Petricek runs machine learning applications at eHarmony, in order to decide who they should introduce to whom, and when. For that, they use Hadoop and logical machine learning. “eHarmony is a bit different than your typical dating site,” brags Petreicek. Those are search-based, with results generated by certain search criteria. The founder of eHarmony is Neil Clark Warren, a marriage counselor. After years of counseling couples in failing marriages, he wanted to help people not only meet the people they would be attracted to, but also the people they are compatible with.

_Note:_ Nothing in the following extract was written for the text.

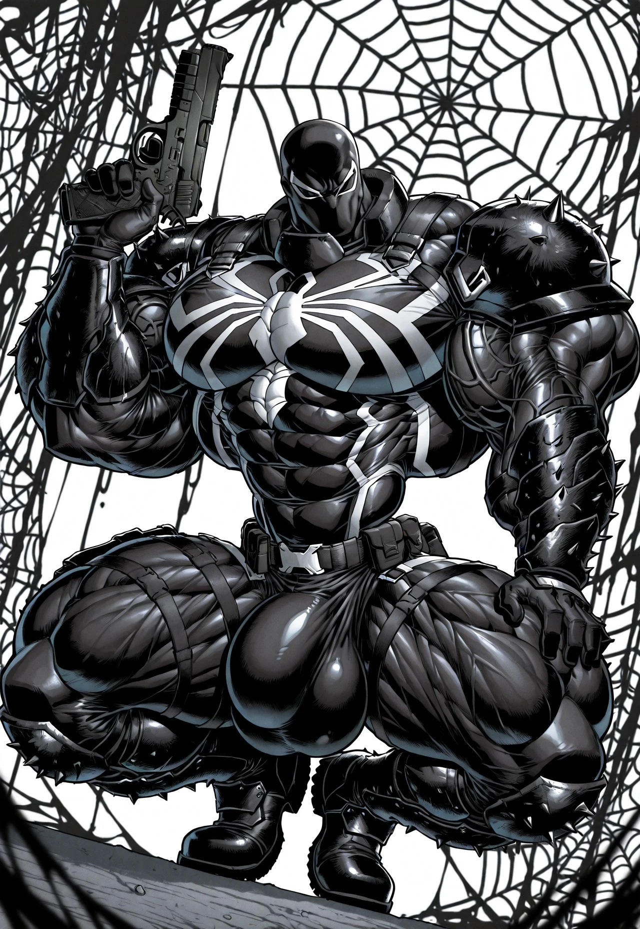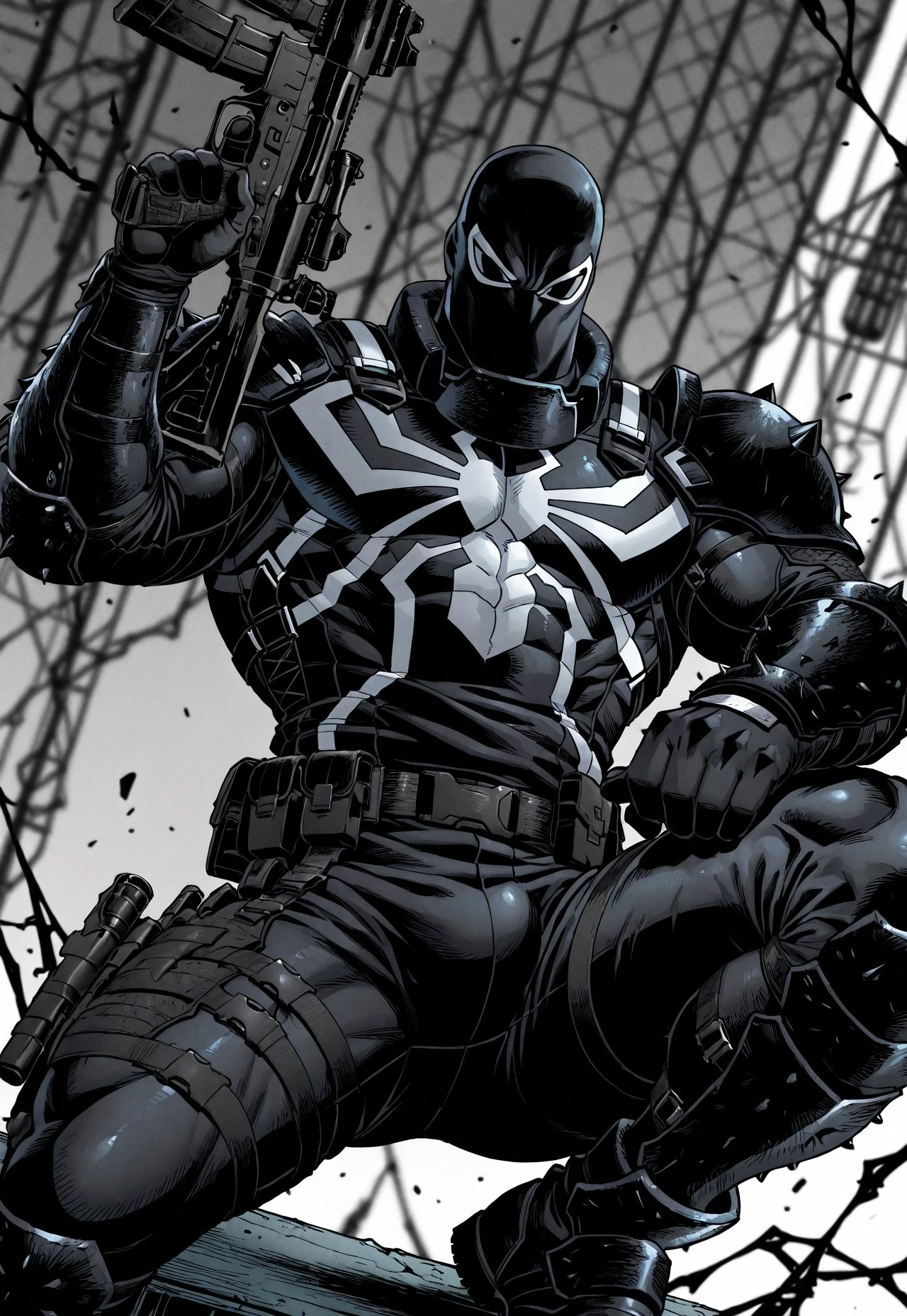 ag3ntv, black mask, black and white bodysuit, black shoulder plate, spiked shoulder plate, black vambrace, spiked vambrace, black boots, spiked boots, tactical gear, tactical belt

As for the underlying technology that makes this possible, Petricek explains: ”To match people effectively, you need to solve three separate problems. The first one is long term compatibility, then there’s the affinity matches (based on age and location), and finally, distribution (who to introduce to whom and when).”

An affinity for Hadoop

Hadoop and large scale machine learning are used for the affinity part. To predict whether or not two people would be interested in talking to each-other, eHarmony uses the historical data generated by their 10 years of operations. As for the data itself, Petricek clarifies: “Over the years the questionnaires have evolved, but certain questions have survived. It used to be 500 questions and now it’s down to 150, which is a lot of data, enough to ‘know’ someone. That’s how you can still make recommendations to people who joined the site recently.” The questionnaire alone is not the only tool. eHarmony collects behavioral data, when they are logging in and how often, what kind of devices they are using.

Jeff Kelly wanted to know next how the problem of people who are not answering the 150 questions truthfully is addressed. “You cannot force someone to answer truthfully, but we offer incentives to do so, in order to get the right matches. It’s a science in itself to design the questions in such a way to get the underlying psychological traits, and not what the person would like to be.”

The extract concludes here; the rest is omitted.